Markets outside of the US, especially in Europe and the Middle East, are being driven by oil prices, the developments in the Iran conflict, and the outlook for the European Central Bank.

But investors with a global equity allocation care about the performance of AI companies and those applying AI to boost business performance.

What can we learn from first-quarter earnings reports from major US and Asian technology firms?
Coming into the earnings season, CIO analysts covering the AI Transformational Innovation Opportunity (TRIO) highlighted three key areas of focus: 1) the health of core businesses; 2) the direction of travel for capital expenditures; and 3) commentary around returns on capital. AI-related demand remains strong in the US, as evidenced by the significant acceleration in cloud revenue growth and the huge increase in backlogs. The stronger demand environment has prompted some companies to increase data center capex. And outside of tech, a number of electric utility companies indicated that they are accelerating discussions with the hyperscalers for power supply, reinforcing the long-term demand trends.

But investors are not entirely convinced that higher capital spending on artificial intelligence will pay off. They are increasingly looking for a disciplined approach to capex, supported by strength in underlying core businesses and signs of monetization that point toward returns on capital invested.

We retain conviction in the long-term return potential of AI. But we stress the need for a balanced and diversified approach across the enabling, intelligence, and application layers—including semiconductors and chipmaking equipment, power and resources, infrastructure, and selected companies in the US, Asia, and Europe that we believe stand to benefit from AI adoption.

Investors with one or two AI-linked stocks in their portfolio can consider revisiting positions and seeking diversification. Tools for doing so may include following CIO’s AI stock selection and leaving others to manage the fast-moving market and shifting value chain. Other approaches can include seeking building blocks of exposure to AI stocks or to look for active approaches that seek to identify smaller numbers of stocks than, say, buying an index.

Investors who have too little exposure to AI stocks relative to long-term plans can also consider structured strategies. These approaches use certain types of financial instruments called derivatives. Structured strategies may offer investors flexibility and the potential ability to tailor their equity exposure according to their market outlook and risk appetite.

It is important that investors understand the unique features and characteristics of derivatives before investing, especially how structured strategies fit as part of a well-diversified portfolio and a wider financial plan. For some investors, there may be alternative tools to structured strategies that better match objectives and risk tolerance.

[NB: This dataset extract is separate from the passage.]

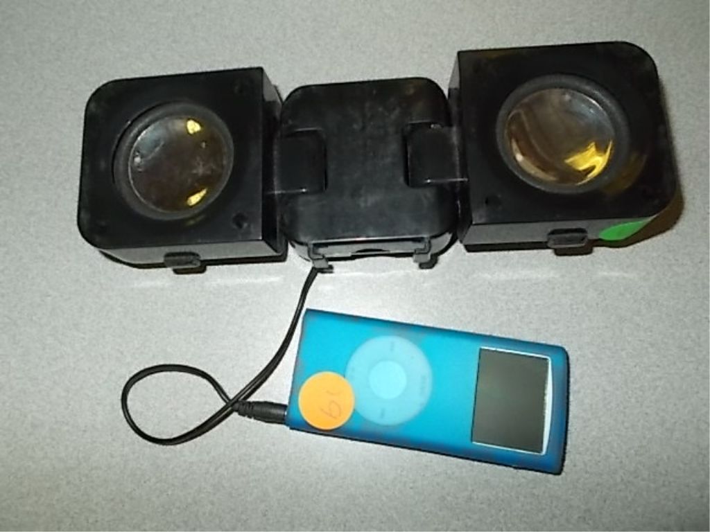 Silver i-Pod in blue case with Speakers (works) 2GB

Risk-averse investors looking to put cash to work in AI-linked stocks can consider a tool called a capital preservation note. This type of investment may help to limit potential losses in the event of renewed volatility.

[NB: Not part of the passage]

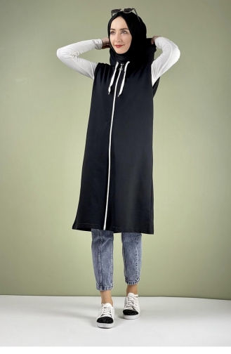 Spor Kapişonlu Yelek Siyah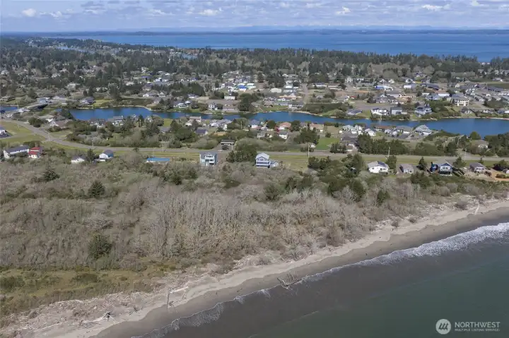 To the west, you see Oyhut Bay Seaside Resort, Lake Minard, and the ocean beaches.

Risks to this type of tool that investors must be willing and able to bear include issuer default (the risks that the issuer of the tool cannot repay investors), liquidity constraints (a more limited ability to sell the tool in periods of market stress), and the need to hold the note to maturity for capital preservation features to apply (with capital preservation only available at expiration.)

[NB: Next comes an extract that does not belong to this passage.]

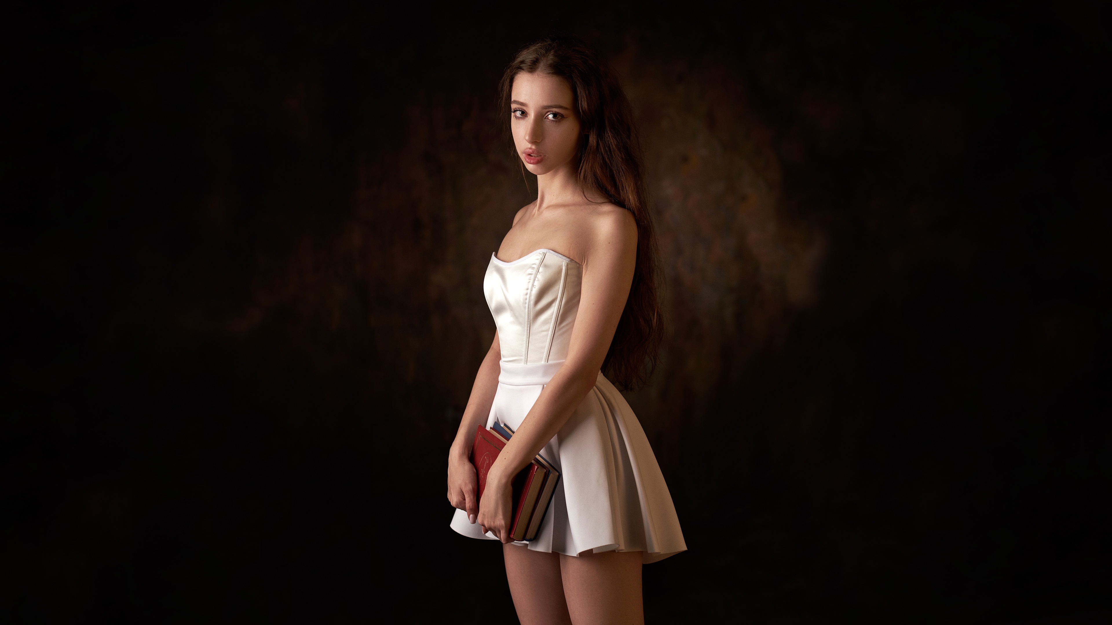 Description: A woman in a short white dress holding a purse and posing for a picture in a dark room with a dark background.

Risk-tolerant investors could consider a tool called a reverse convertible as a means to generate yield in parts of the equity market where implied volatility remains above average.

Setting the strike price at the level where the investor wants to buy can allow them to “wait out” uncertainty and potentially acquire the asset at a discount.

Risks to this type of tool include loss of capital if the asset falls significantly, issuer default, limited liquidity, and price transparency issues. However, the coupon payments can partly compensate for taking on these risks, and CIO has developed selection techniques that would allow investors to incorporate reverse convertibles into a well-diversified portfolio.